Pimpinan DPR dan fraksi beraudiensi dengan Presiden Joko Widodo di Istana Merdeka, Jakarta, Senin (23/9/2019). Foto: ANTARA FOTO/Puspa Perwitasari
POJOK BATAM.ID – DPR dan Presiden Joko Widodo masih berbeda sikap terkait RUU KUHP. Bukan saja soal rencana pengesahannya, namun juga pada substansi pasalnya.
Dalam rapat konsultasi di Istana Bogor, Senin (23/9), Jokowi menginginkan pasal tentang Penyerangan Kehormatan atau Harkat dan Martabat Presiden dan Wakil Presiden dihapuskan. Namun, DPR menolak.
“Saya hadir di rapat (audiensi) itu. Pak Presiden Jokowi secara khusus menyebut pasal penghinaan terhadap Presiden. Beliau mengatakan bahwa ‘saya sendiri merasa tidak perlu ada pasal itu’, Pak Presiden mengatakan itu,” kata Erma di Kompleks DPR, Senayan, Selasa (24/9).
“Tapi kan kita bikin sekali lagi, kita bikin RUU KUHP, bikin UU di negara ini bukan untuk satu orang, bukan untuk satu partai tapi untuk Indonesia,” lanjutnya.
Erma menuturkan pasal penghinaan Presiden dan Wakil Presiden itu sebuah merupakan delik aduan, hanya presiden atau wakil presiden yang dapat melaporkan apabila terdapat penghinaan.

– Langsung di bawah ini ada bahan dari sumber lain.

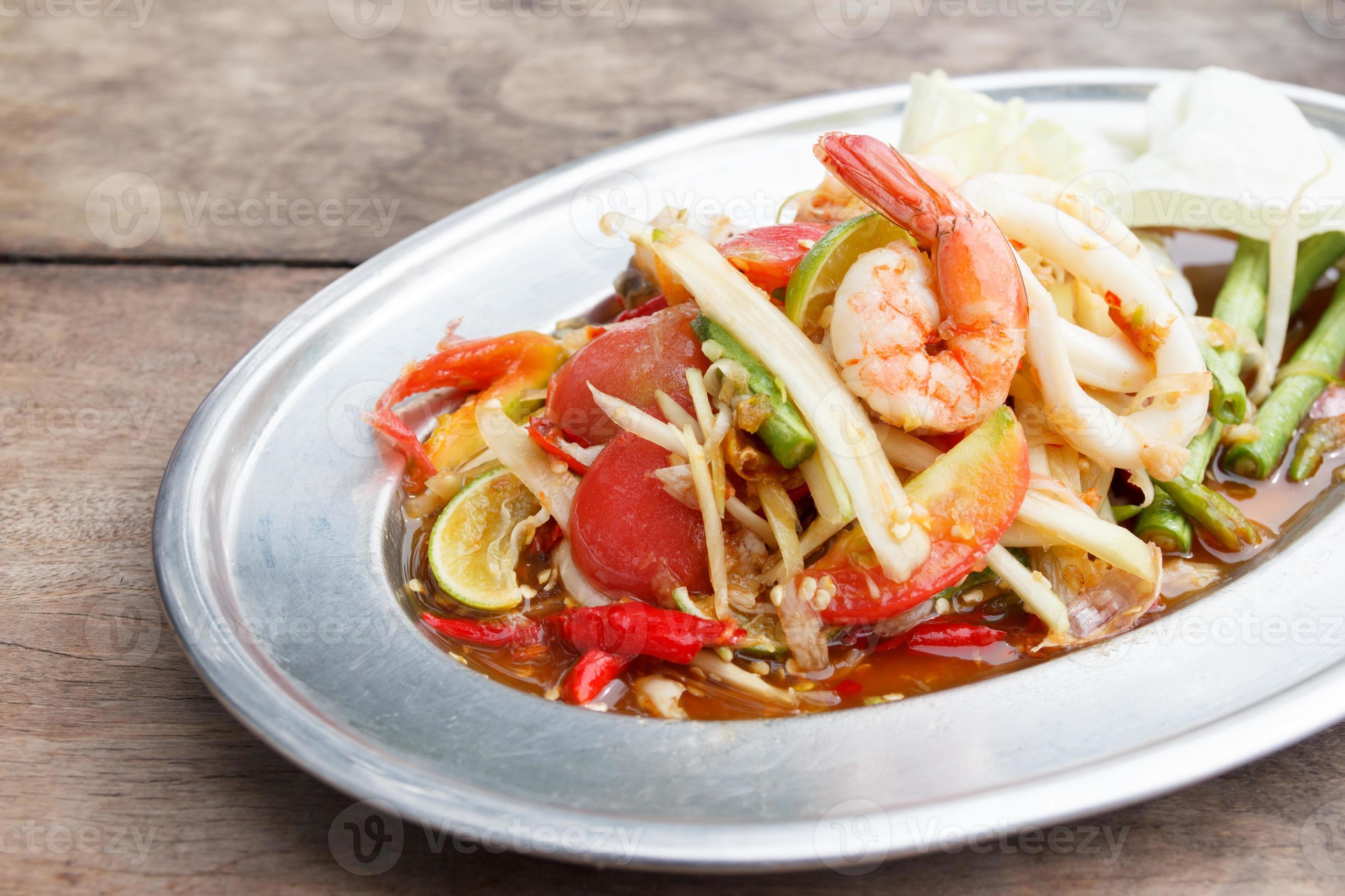 2 tsp thai fish sauce. Thai green papaya salad ส้มตำไทย (som tum). Add the shrimp and long beans and pound a few times to bruise the beans. Spicy seafood salad isolated on white, papaya salad with fresh shrimp and blue crab, thai food.

“Pak Jokowi kan jadi presiden sampai nanti, kalau misalnya dia jadi presiden dilantik 20 Oktober 2019 sampai 20 Oktober 2024. Setelah itu presiden baru dong. Berpikirnya harus beda enggak boleh berpikirnya hanya karena Pak Jokowi. Saya khusus pasal penghinaan Presiden ini itu delik aduan, itu kita buat karena kita resah,” kata dia.
Erma menjelaskan laporan yang selama ini dilayangkan ke pengadilan hanya berasal dari sejumlah elemen masyarakat yang mendukung presiden atau wapres. Ia tak ingin model pengaduan seperti itu terus dilakukan.

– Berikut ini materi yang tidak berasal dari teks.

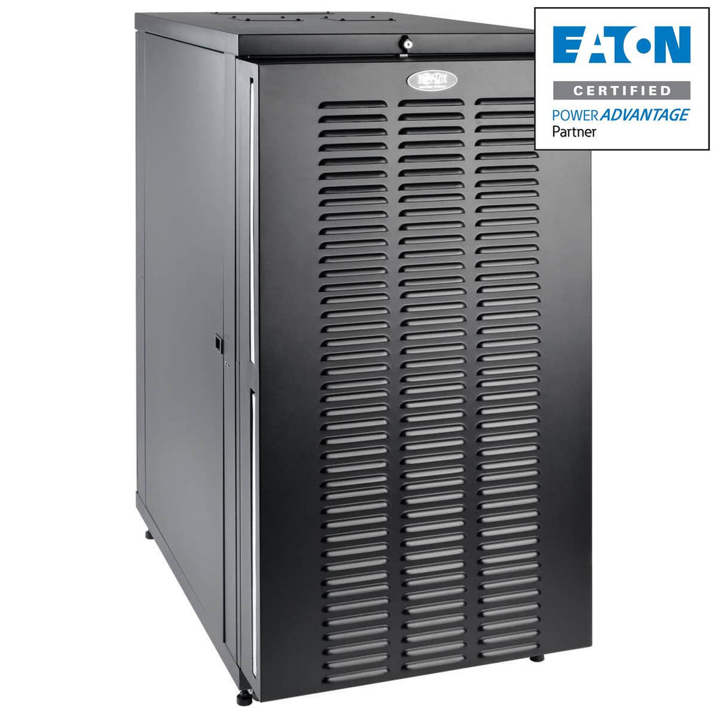 Eight high-performance fans are built into the door to pull air through the enclosure and keep your equipment cool. Dust- and drip-resistant top and bottom ports allow easy cable routing through the enclosure. To ensure your valuable equipment stays secure, the reversible front and rear doors and removable side panels lock tight.

“Semua orang bisa jadi Presiden kalau misalnya dihina kehormatannya atau yang saya dihina nanti disuruh fans club adukan saya apa mau? Cara mengadu ya adalah dia sendiri harus mengadukan. Enggak boleh kaya sekarang ini. ‘Oh saya dukung Presiden saya laporkan kesana kesini, ah itu enggak boleh. Kalau itu yang terjadi itu persekusi, kritik,” tutup dia.